Pretty Good Satan said:


> Why not?  We know that Madara has something to do with Nagato...



And you have no proof that Obito has anything to do with either. When Izuna has something to do with Madara. Especially when it comes to eyes.


----------



## gershwin (Aug 1, 2012)

Obito, possessed by Juubi`s evil spirit. Thats it 
They will remove it from Obito`s body and Kakashi gets his character development. But still won`t get rid of Juubi/whoever evil ghost so he can be the finale villain in other form.


----------



## Pretty Good Satan (Aug 1, 2012)

ceralux said:


> And you have no proof that Obito has anything to do with either.

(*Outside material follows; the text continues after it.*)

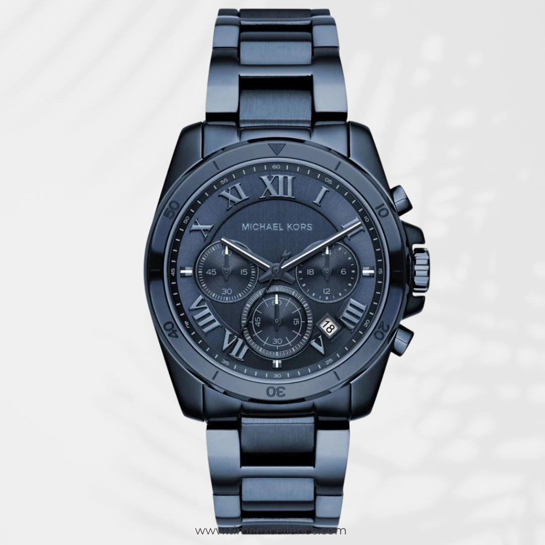 The Michael Kors, Brecken series features a navy blue ion-plated stainless steel 40mm case, with a fixed navy blue ion-plated bezel, a navy blue dial and a scratch resistant mineral crystal.
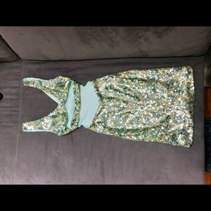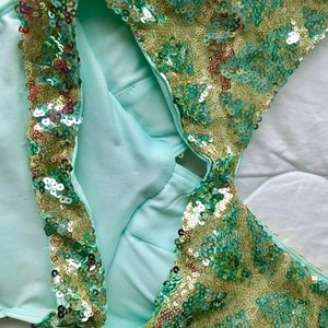 Yes it is very stretchy. The tag says: self: 100% nylon mesh, lining: 100% polyester. The color of its is green and gold, all sequins.

Except for all of his personal knowledge of Kakashi and his eye ability is a  mirror of Kamui...  He can even cancel Kamui.


----------



## Easley (Aug 1, 2012)

Izuna makes more sense than Obito, but unless Madara shows up there's no-one who can recognize him. That's a bad reveal. However, it would certainly explain how he knows so much about Madara. Acting can only go so far, you need intimate details in order to fool people. I can't forget his 'arm clench' either - that didn't seem like part of his act.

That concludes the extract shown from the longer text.